====== Source material
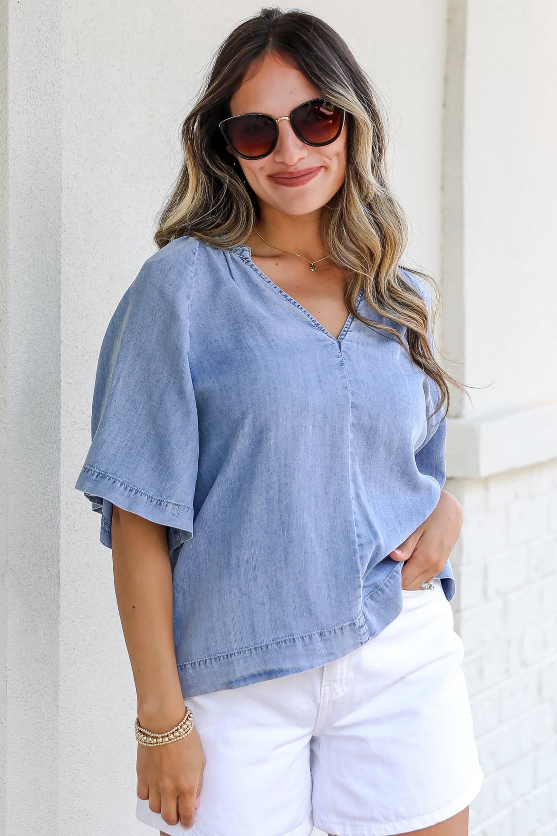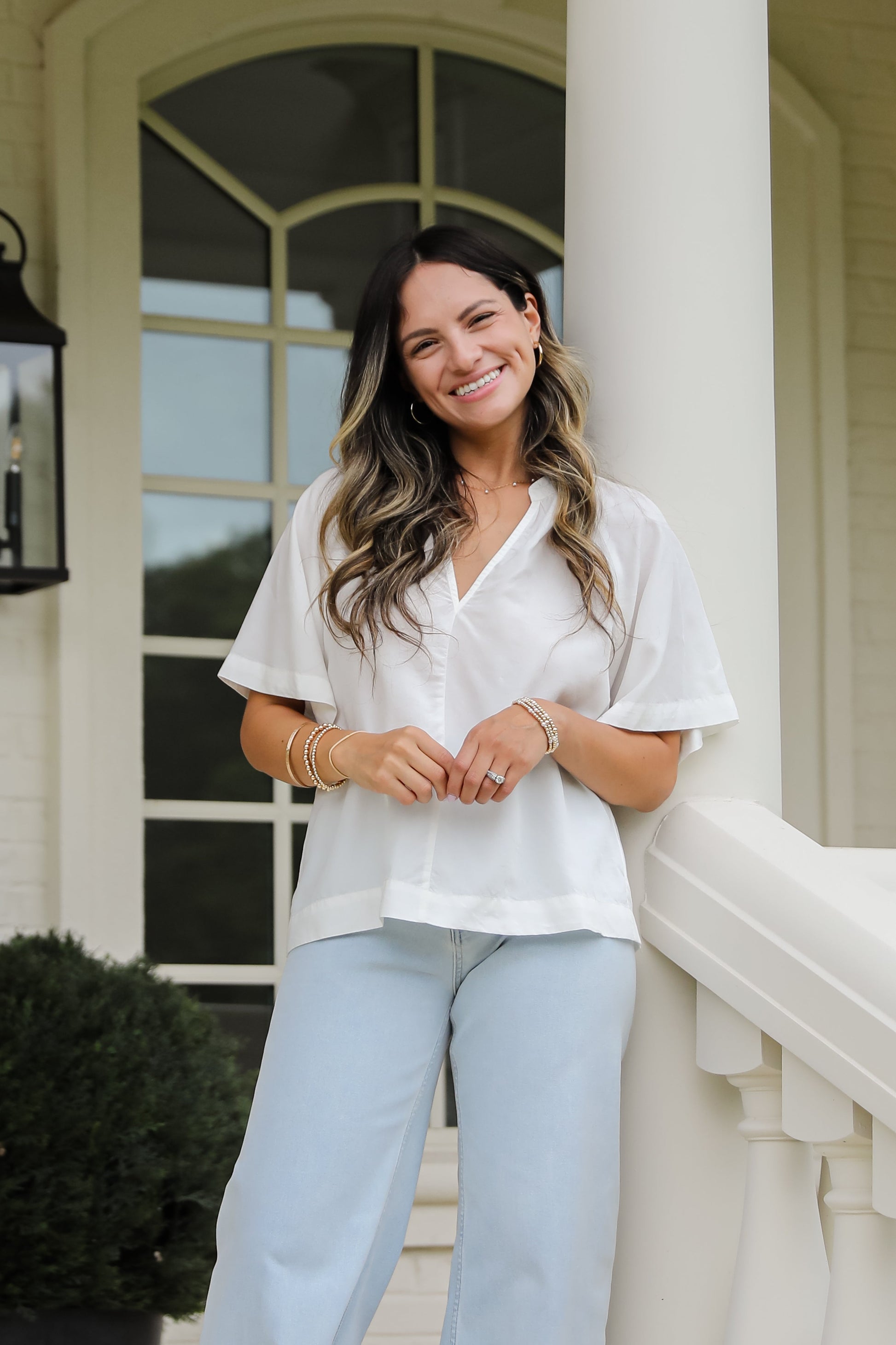 There's no easier way to have everyone admire your stylish demeanor than with the You Have My Attention Blouse! Designed with a soft, lightweight fabric, this top features a flattering V-neckline and relaxed silhouette that blends comfort with effortless style. Perfect for pairing with jeans, shorts, or a flowy skirt, it’s a go-to piece for casual days when you still want to feel put-together. Whether you're running errands or heading to brunch, this blouse brings timeless charm with a modern twist! Available in 2 colors.
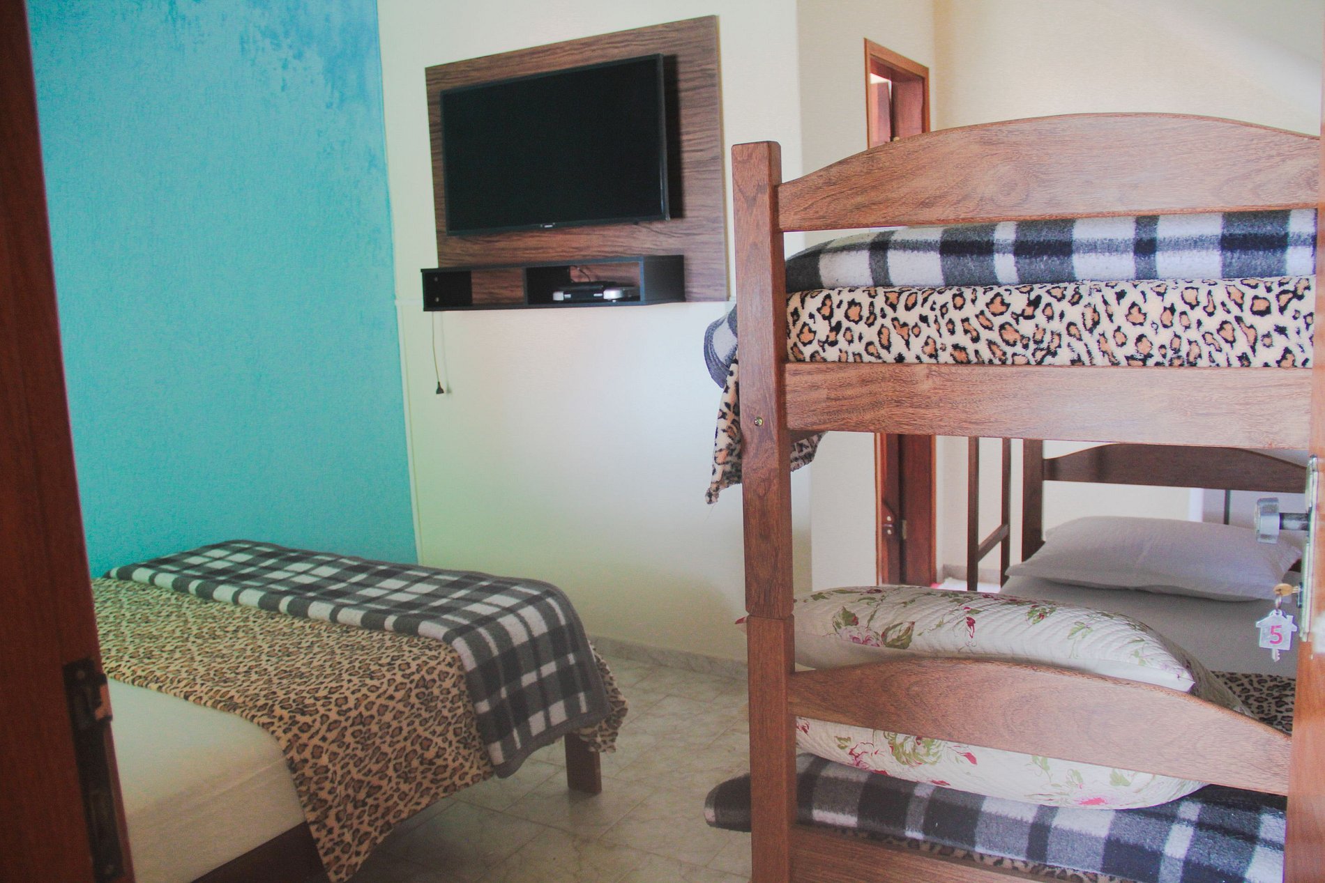 Aqui você encontrará uma Suíte completa para quatro pessoas com uma cama de casal e um beliche, Smart TV 40", geladeira duplex Frost Free, ventilador de teto, banheiro privativo com chuveiro eletrônico quente, sinal Wi-fi.
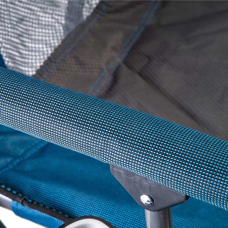 כמו כל סדרת כסאות הקמפינג שלנו הפתיחה והסגירה שלו קלה תפעול. בד הרשת האיכותי אשר נמצא במשענת ישמור עליכם יבשים ורעננים גם בימים חמים.
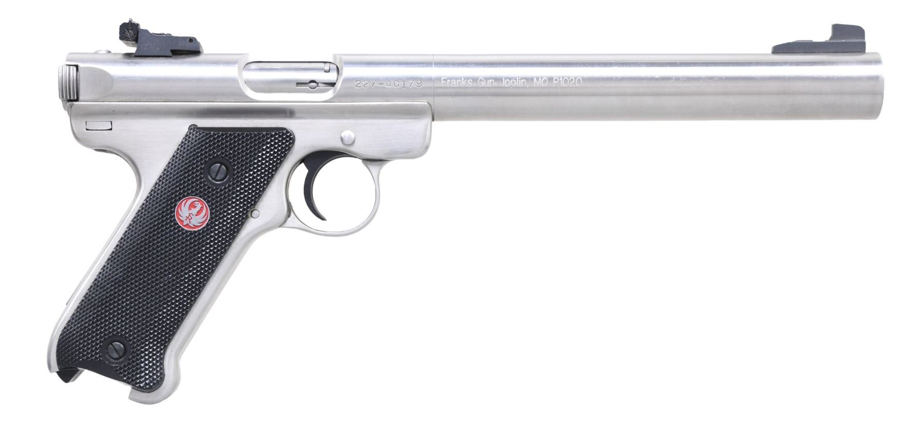INTEGRAL FRANKS GUN SILENCER. Cal. 22 LR. S# (Silencer): P1020, (Pistol): 22740179. Bbl. 7 7/8" (with silencer). Ruger Mark III Target semi-automatic pistol mfg. by Ruger in 2006, and subsequently fitted with a Franks Gun integral silencer. Left side of the receiver is marked with the model and cal. designations, with the S# marked on the right. Right side of silencer is marked "Franks Gun Joplin, MO P1020". Receiver, frame, and silencer exhibit a polished in-the-white finish. Frame is mounted with 2-piece Ruger medallion checkered black plastic grips. Blade front sight, with adj. square notch rear sight. Mag. is absent. CONDITION: very good, with scattered superficial marks from handling and storage present overall. Silencer shows some carbon build up front prior use, but is otherwise very good overall. Grips show some smoothing, as well as some scattered marks from handling and storage, but otherwise remain sturdy and serviceable. PROVENANCE: From the Estate of Ivan Lee Shapiro. (03-1790 / 24-6518/MLW). MODERN / MODERN CLASS III. $500-700.
============
[What is being asked] In your copy of the material, every word must match and no image should appear.

[Answer]
 There's no easier way to have everyone admire your stylish demeanor than with the You Have My Attention Blouse! Designed with a soft, lightweight fabric, this top features a flattering V-neckline and relaxed silhouette that blends comfort with effortless style. Perfect for pairing with jeans, shorts, or a flowy skirt, it’s a go-to piece for casual days when you still want to feel put-together. Whether you're running errands or heading to brunch, this blouse brings timeless charm with a modern twist! Available in 2 colors.
 Aqui você encontrará uma Suíte completa para quatro pessoas com uma cama de casal e um beliche, Smart TV 40", geladeira duplex Frost Free, ventilador de teto, banheiro privativo com chuveiro eletrônico quente, sinal Wi-fi.
 כמו כל סדרת כסאות הקמפינג שלנו הפתיחה והסגירה שלו קלה תפעול. בד הרשת האיכותי אשר נמצא במשענת ישמור עליכם יבשים ורעננים גם בימים חמים.
INTEGRAL FRANKS GUN SILENCER. Cal. 22 LR. S# (Silencer): P1020, (Pistol): 22740179. Bbl. 7 7/8" (with silencer). Ruger Mark III Target semi-automatic pistol mfg. by Ruger in 2006, and subsequently fitted with a Franks Gun integral silencer. Left side of the receiver is marked with the model and cal. designations, with the S# marked on the right. Right side of silencer is marked "Franks Gun Joplin, MO P1020". Receiver, frame, and silencer exhibit a polished in-the-white finish. Frame is mounted with 2-piece Ruger medallion checkered black plastic grips. Blade front sight, with adj. square notch rear sight. Mag. is absent. CONDITION: very good, with scattered superficial marks from handling and storage present overall. Silencer shows some carbon build up front prior use, but is otherwise very good overall. Grips show some smoothing, as well as some scattered marks from handling and storage, but otherwise remain sturdy and serviceable. PROVENANCE: From the Estate of Ivan Lee Shapiro. (03-1790 / 24-6518/MLW). MODERN / MODERN CLASS III. $500-700.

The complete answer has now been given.